Пьер де Браше,  в свою очередь, оправдывая мнение, что он - «воин, отличавшийся могучей силой времён героических», начал наступление из Пиги на  Лопадий. Первым делом захватили Палорм, расположенный на берегу Мраморного моря, юго-восточнее Кизика. Укрепив замок, Пьер де Брашэ и Пэйан Орлеанский двинулись дальше, «чтобы завоевать страну». В день праздника св. Николая, что перед Рождеством 6 декабря 1204 г., рати встретились у крепости Пиманион возле озера Афнитис. У латинян было «140 рыцарей, не считая конных оруженосцев», скорее всего, до 420 всадников; пехоту, наверное, распределили по гарнизонам, во всяком случае, о ней нигде не упоминается. Какова была рать ромеев, достоверно неизвестно. Сначала, благодаря численному превосходству, победа клонилась в сторону Феодора Ласкарис. Но потом ромеи не выдержали натиска латинян и обратились в бегство. Лопадий встречал победителей «с крестными знамениями и святым Евангелием». Поражение полнейшее - и военное, и политическое. Города и земли падали под ноги новых хозяев, как перезревшие яблоки. Победный ход пилигримов застопорился только у Прусы.
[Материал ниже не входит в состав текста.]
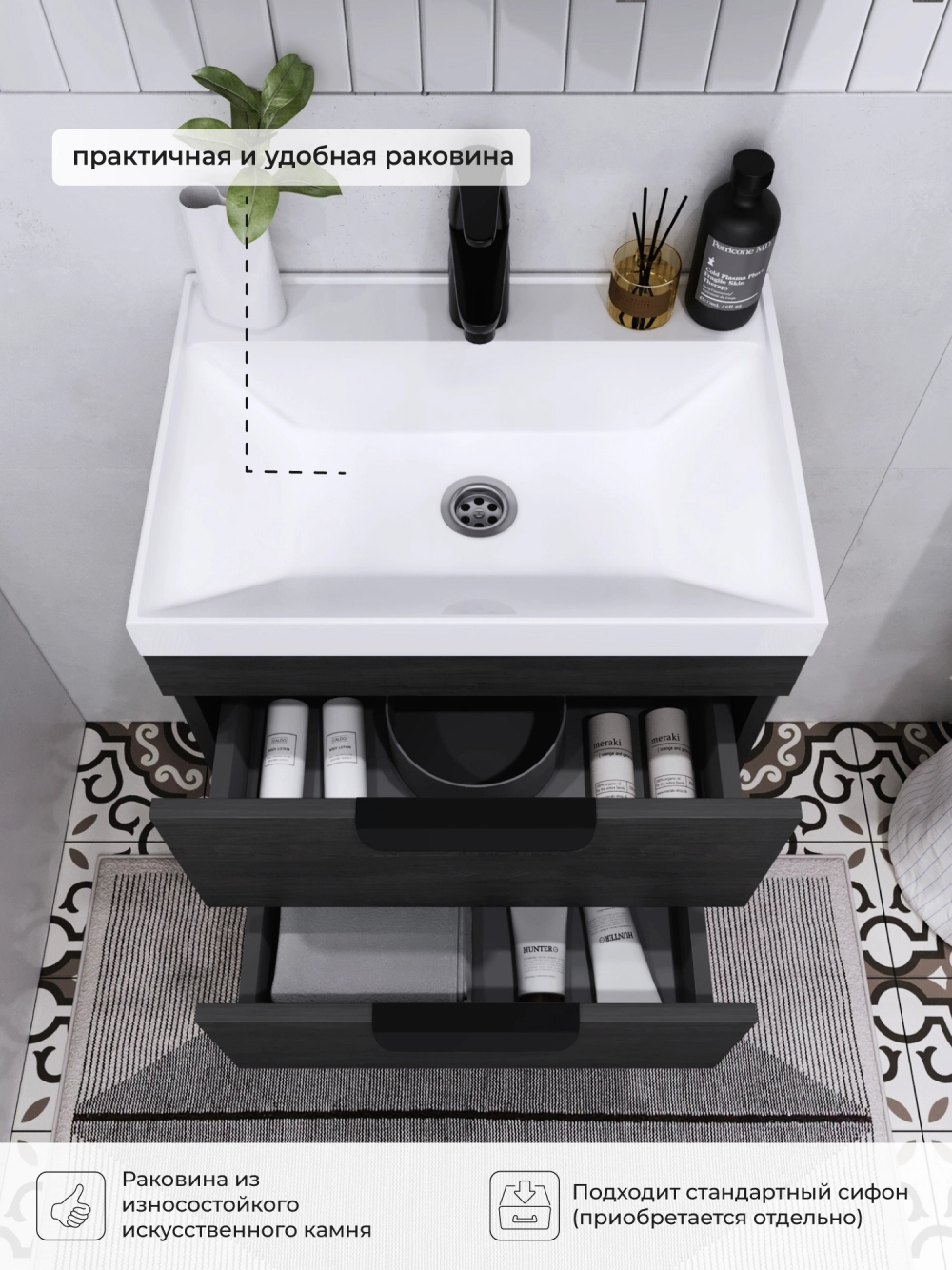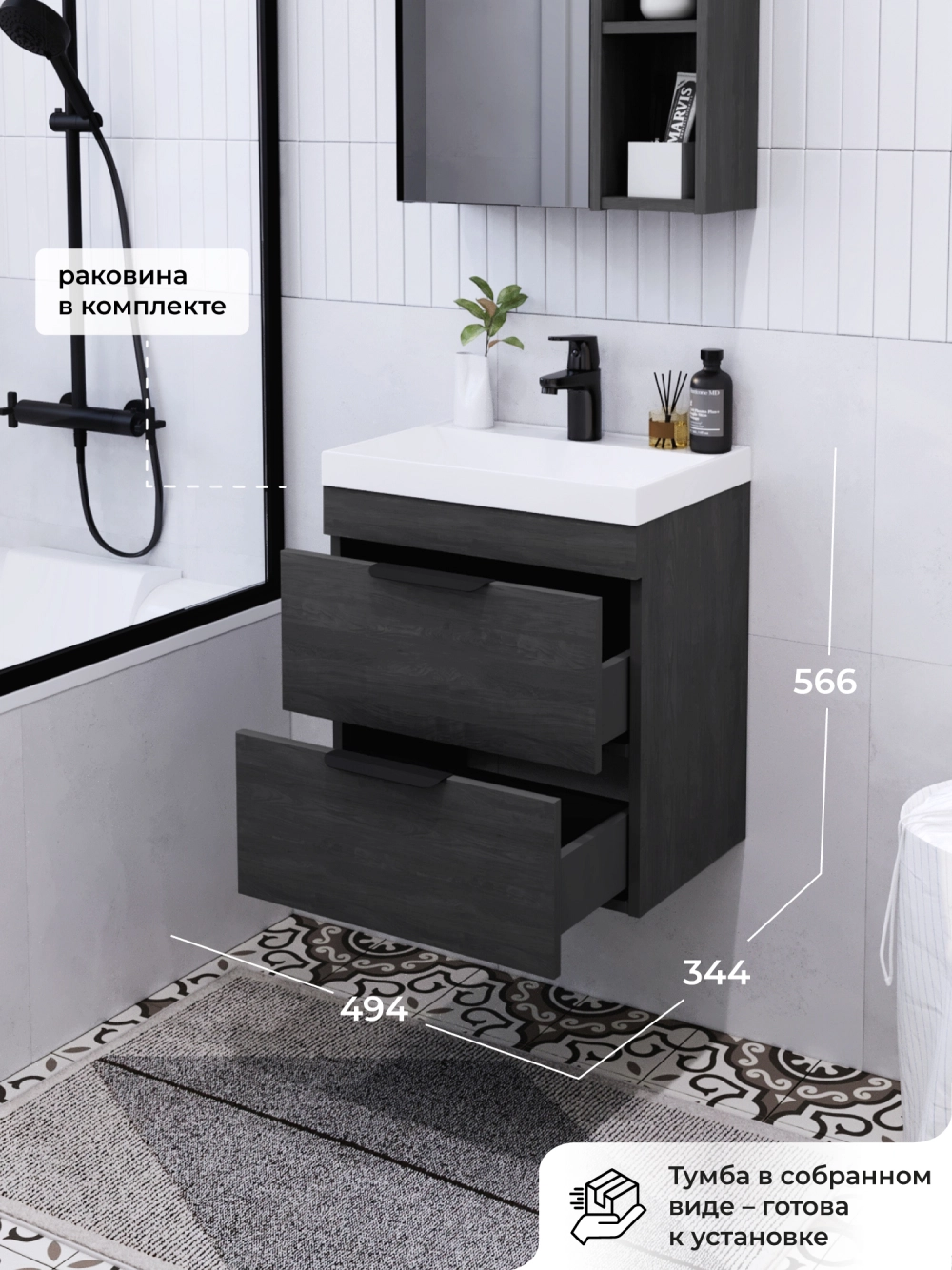 Подвесная тумба с раковиной из коллекции Alta станет настоящим украшением ванной комнаты в современном стиле. Навесной способ установки тумбы в ванную дает возможность не только визуально увеличить пространство, но и обеспечивает быстрый и удобный доступ для уборки. Размеры подвесной тумбы с раковиной 494*344*566 - идеальный выбор для ванной комнаты или туалета.Тумба с раковиной изготовлена из ламинированного ДСП, поэтому выдерживает высокие эксплуатационные нагрузки. Качественная фурнитура с доводчиками обеспечивает легкое открывание и плавное закрывание ящиков. Вырез под сифон универсальный, для любого типа. Благодаря своей конструкции тумба обеспечивает удобный доступ к раковине и позволяет скрыть коммуникации. Тумба с раковиной в ванную оснащена двумя удобными ящиками для хранения, что позволяет разместить всё необходимое под рукой. Раковина из искусственного камня– это безупречная гладкость поверхности, на которой не задерживаются загрязнения. Для точного выбора подвесной тумбы с раковиной в ванную комнату рекомендуем обратиться к схеме замеров, которая находится на фото в карточке товара, размеры изделия могут отличаться +/-1 см в связи со спецификой производства. Тумба для ванной доставляется в предварительно собранном виде, надежно упакована.

Пруса располагалась на утесистом холме к северу от горы Олимп, сверх того обведена была крепкой стеной. Жители города и окрестностей - потомственные акриты, закаленные в вековых боях с арабами и турками, - успели заготовить продовольствие в количестве, достаточном для долговременной осады. Латиняне подступили к крепости с юга, где гора Олимп отступает несколько от города, и потребовали сдачи, угрожая при этом метательными орудиями. Вместо привычных изъявлений покорности они получили вылазку. Ромеи искусно применили своё превосходство в знании местности и искусстве стрельбы из лука, в результате «лишили неприятельское войско значительного числа храбрейших воинов, павших ранеными или убитыми». Несолоно хлебавши, пилигримы отправились восвояси - переваривать уже захваченные владения. На обратном пути они неоднократно подвергались нападениям ромеев, занявших господствующие высоты.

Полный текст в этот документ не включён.